In this study of HIV-infected women, anal HPV was detected with HC2 utilizing the residual liquid cervical cytology SurePath specimen. A much lower proportion of participants had detectable prevalent anal HR-HPV infection in our cohort compared with others (16% in BMC versus 44% in WIHS and 84% in SUN). The prevalent cervical HR-HPV infection rates were comparable between the WIHS (19%)9
and BMC (24%)10
cohorts; although much higher in the SUN Study (70%).12
In comparison, rates of anal HPV in HIV-infected men range from 60–95%.18,21–25
Both the WIHS and SUN studies collected the anal HPV specimens in 1cc standard transport media (STM) and used PCR testing whereas in our study, the specimens were the residual from the 10cc liquid cytology specimen (SurePath) (as is routine for detection of high-risk HPV from cervical specimens in the clinical setting). A recent study of anal cancer screening of HIV-positive and negative men utilizing HRA, anal cytology (with PreservCyt, Hologic Inc, Marlborough, MA) and HC2 testing from both STM and liquid residual from cytology found that HC2 had a sensitivity of 91% in detecting AIN2-3 with no difference whether STM versus liquid residual from cytology was used.26
It is unclear if our lower rates of anal HPV detection reflect differences in liquid cytology medium (SurePath vs. ThinPrep), differences in method of HPV detection (HC2 vs. PCR) or a truly lower prevalence of anal HPV in our patient population. In addition, multiple subjects with normal cytology throughout follow-up were transiently HPV positive (). It is unclear if these represent false negative results or if these women were transiently shedding or clearing their infections.
Despite our small sample size, prior abnormal cervical cytology result and history of non-cervical/anal HPV STI were the strongest predictors of AIN2-3 diagnosis in our population. While abnormal cervical cytology tests and STIs are common in HIV-positive women, either diagnosis should likely prompt increased surveillance for AIN2-3. Abnormal anal cytology result appears to be more common in HIV-infected women with AIN2-3 in this population compared to anal HPV positivity; the proportion with anal HPV diagnosis was lower than anticipated and the number of subjects who underwent HRA was too small to say this definitively. While we continue to perform anal HC2 HPV testing on anal cytology samples at our institution, the additive value of HC2 HPV testing in HIV-infected women is less clear from our findings. A large study on HIV-infected women including both HC2 and PCR testing with HRA for all subjects will be necessary to better understand the value of anal HPV testing with HC2 prior to making stronger recommendations for or against its use.

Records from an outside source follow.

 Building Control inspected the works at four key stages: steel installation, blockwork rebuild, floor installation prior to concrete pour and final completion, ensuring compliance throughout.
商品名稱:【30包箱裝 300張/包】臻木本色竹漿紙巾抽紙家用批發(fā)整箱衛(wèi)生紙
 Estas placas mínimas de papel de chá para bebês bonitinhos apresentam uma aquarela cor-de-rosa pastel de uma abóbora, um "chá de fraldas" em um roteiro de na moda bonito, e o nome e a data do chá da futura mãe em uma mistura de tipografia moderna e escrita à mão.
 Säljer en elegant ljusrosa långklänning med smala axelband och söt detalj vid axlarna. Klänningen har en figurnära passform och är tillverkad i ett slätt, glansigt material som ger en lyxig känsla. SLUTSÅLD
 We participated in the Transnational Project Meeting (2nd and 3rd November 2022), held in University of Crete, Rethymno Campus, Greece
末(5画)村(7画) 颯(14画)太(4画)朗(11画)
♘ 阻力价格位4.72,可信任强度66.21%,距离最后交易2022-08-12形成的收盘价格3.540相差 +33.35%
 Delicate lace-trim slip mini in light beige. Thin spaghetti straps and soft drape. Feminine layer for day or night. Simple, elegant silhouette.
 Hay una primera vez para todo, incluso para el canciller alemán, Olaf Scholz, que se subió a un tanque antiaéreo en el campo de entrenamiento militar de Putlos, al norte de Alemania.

Prior to the adoption of universal screening for anal dysplasia in HIV-infected women, there are several questions that need to be answered. Whether anal cytology is an optimal screening tool for anal cancer and AIN2-3 is not known. Studies to evaluate sensitivity of anal cytology have been conducted in MSM; however, as the disease prevalence is likely much higher in HIV-infected MSM compared with women it is not clear that cytology would be the best screening tool for HIV-infected women. We also do not know the true prevalence of AIN2-3 in HIV-infected women as there have been no studies where all HIV-infected women underwent HRA regardless of cytology results. Lastly, the natural history of anal HPV infections and neoplasia and the efficacy of treatment of AIN2-3 to prevent the development of invasive anal cancer remain unknown.

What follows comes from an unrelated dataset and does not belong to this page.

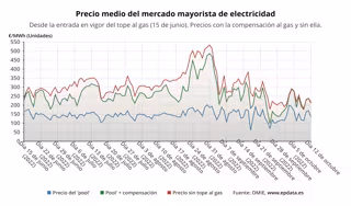 En concreto, si no se aplicara este mecanismo para topar el precio del gas para la generación de electricidad, el precio de la electricidad en España sería de media unos 215,72 euros/MWh, lo que supone 4,35 euros/MWh más que con la compensación para los clientes de la tarifa regulada, que pagarán así un 2% menos de media.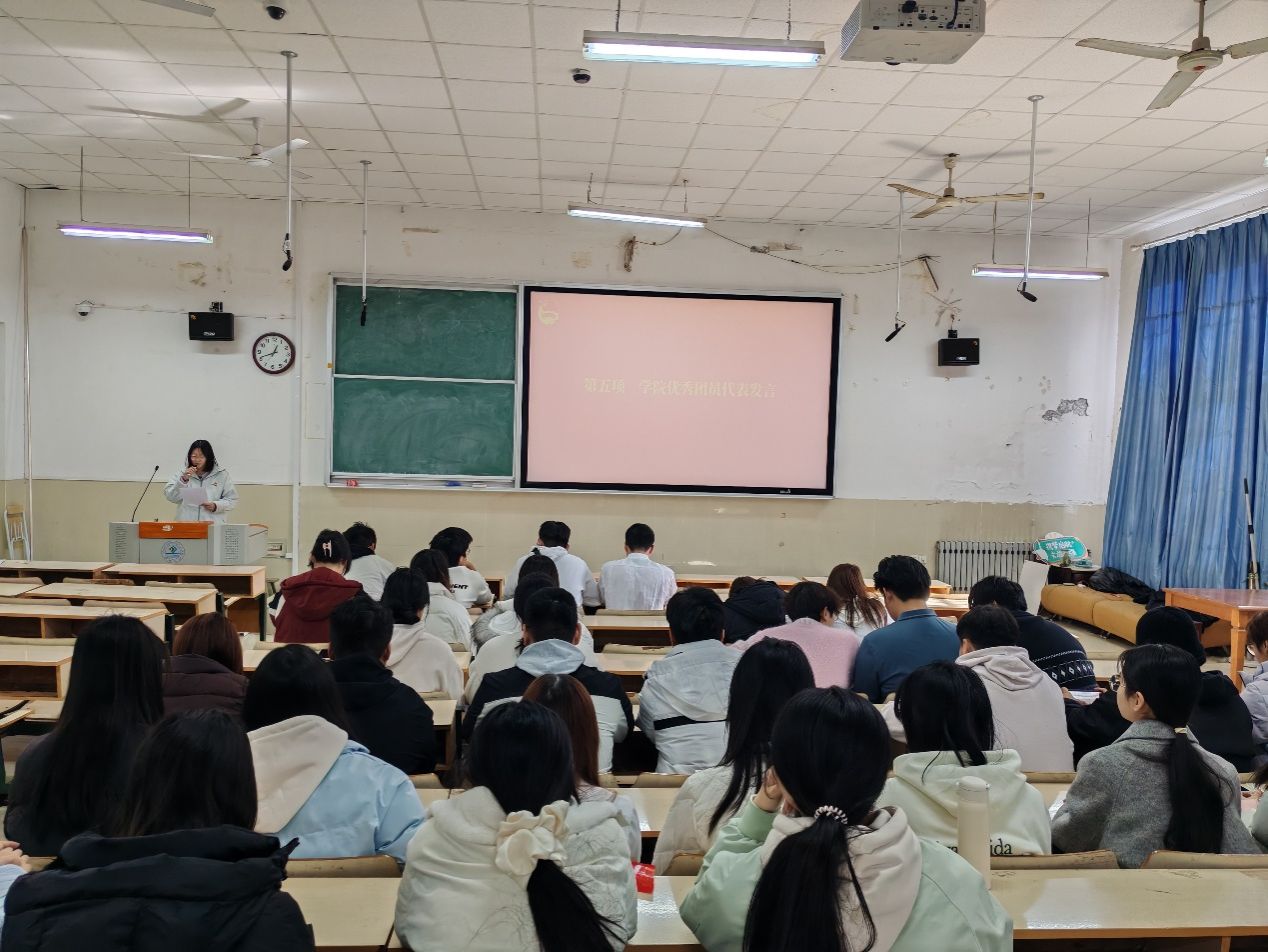 随后,学院团委书记赵军讲话。他指出,经济领域有“先富带动后富”,思想领域则需“先进引领后进”,团员正是凝聚青年思想的先进力量——从当年穿着破旧衣物研发战机的罗阳,到如今攻关航天、军工领域的青年团队,国家发展始终需要有理想的青年作为中流砥柱。他强调,入团不是小事,而是选择了指导思想与政治立场,“思想”这颗种子会潜移默化影响个人的未来职业与人生选择,让个人奋斗与国家发展同频共振。他勉励新团员以入团为里程碑,在思想上不松懈,在生活中勇担责任,在实干中锤炼自我,让青春与时代同行。

As HIV-infected women live longer, they continue to be at risk for HPV associated diseases including intraepithelial neoplasia and cancer of the cervix, vulva and anus despite treatment with anti-retroviral therapy. Anal cytology may be a better screening test for AIN2-3 compared with anal HPV testing with HC2 in this population; however repeated anal cytology screening appears necessary for at least a subset of HIV-positive women including those with advanced immunosuppression, history of abnormal cervical cytology, anal and/or cervical HPV or other STIs.